Theirs is a team that has been damned by comparison this season, a side who seemed pale imitators of previous champions. Not yesterday.
This was the defining statement of their season, the performance to proclaim them worthy winners. This was a more emphatic dismissal of their closest challengers than the eventual scoreline suggested.
This was the culmination of two decades of domestic dominance, a United team bursting with brio, packed with pace, allying adventure with defensive dependability. It was an all-encompassing display with an extraordinary start.
Seconds before kick off, Javier Hernandez knelt in the centre circle, as though looking to the skies and asking for deliverance. It arrived barely a minute later.

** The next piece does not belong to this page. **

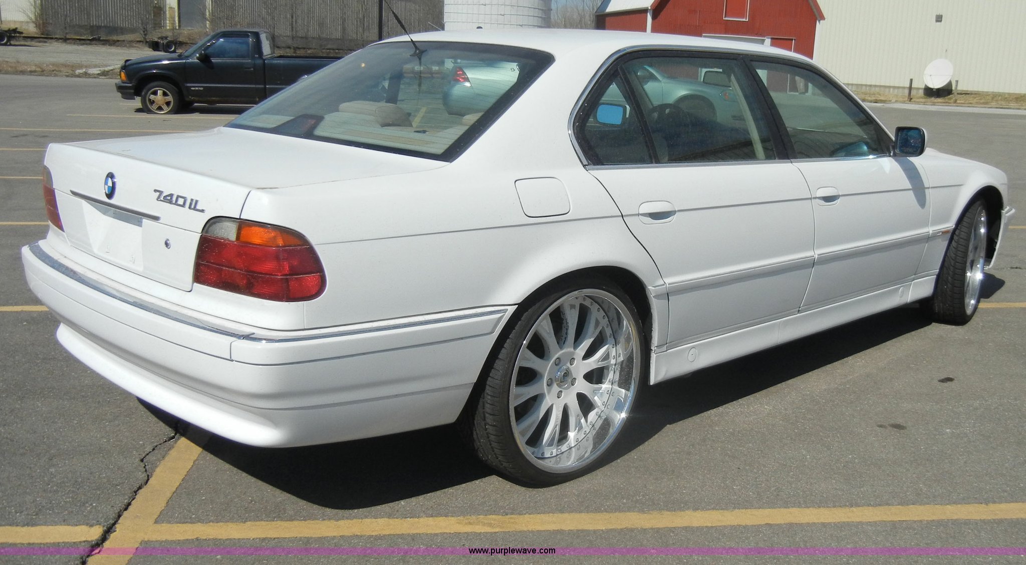 Purple Wave is selling a used Passenger Vehicle in Kansas. This item is a 1996 BMW 740iL with the following: 105,200 miles on odometer, 4.4L V8 EFI engine, Automatic transmission, AC and heat, Tilt, Cruise, AM/FM/CD, Power windows, locks, mirrors, and seats, Leather interior, Sunroof, Phone, Steering wheel radio controls, Asanti rims, 245/30AR22 tires, Hood latch inoperable, Dead battery, Engine leaks oil

A man who has wasted little time making an impact at Old Trafford was quick to make his mark, even by his standards. His 37-second goal, his 20th of the season in all competitions, was a shock to Chelsea’s system, the Mexican darting on to Park
Ji-sung’s through pass while David Luiz slipped and dinked his shot past Petr Cech. “He has beaten all challenges,” Ferguson said. Most goalkeepers have been defeated, too.
It set the scene for a thrilling first half, one where United surged and Chelsea stumbled. Nemanja Vidic ghosted in from behind Branislav Ivanovic to head in a Giggs cross to double the lead. It could have been greater: Ferguson has found his formula against Chelsea with Hernandez dragging defenders deep to open up space for a rejuvenated Wayne Rooney – “he could have scored six today,” said his manager – and though a one man quest for a third goal failed, the striker has recaptured his mojo.
They were flanked by the twin workaholics, Antonio Valencia and Park, and supplied by Giggs.
While Frank Lampard deftly extended a leg to volley in Ivanovic’s header, the other part of United’s ancien regime, Edwin van der Sar, was otherwise unbeatable. They have mastered blending old and new. Chelsea find it problematic.
Nine remnants of Jose Mourinho’s reign started the game, while none of this season’s three major recruits played the 90 minutes. Seamless transition is hard to execute, but Ferguson is skilled in the subject.
While United inherit Chelsea’s crown, the examination on their seasons will contain a shared subject: striking signings. For £6 million (Dh36.6m), Hernandez has been a remarkable recruit, a man whose scorched-earth policy renders him the scourge of slowing defenders and whose habit of scoring telling goals had turned him into Chelsea’s nemesis.
Their £50m man, meanwhile, was confined to a half-hour cameo, taking his total for the club to 830 minutes and a solitary goal.
Bought to bring the Champions League or the Premier League trophy to Stamford Bridge, the brutal truth is that Fernando Torres has been both an expensive embarrassment and ineffective irrelevance.
Chelsea have long believed in the power of the chequebook, but it takes more than money to halt Manchester United. Especially when history beckons.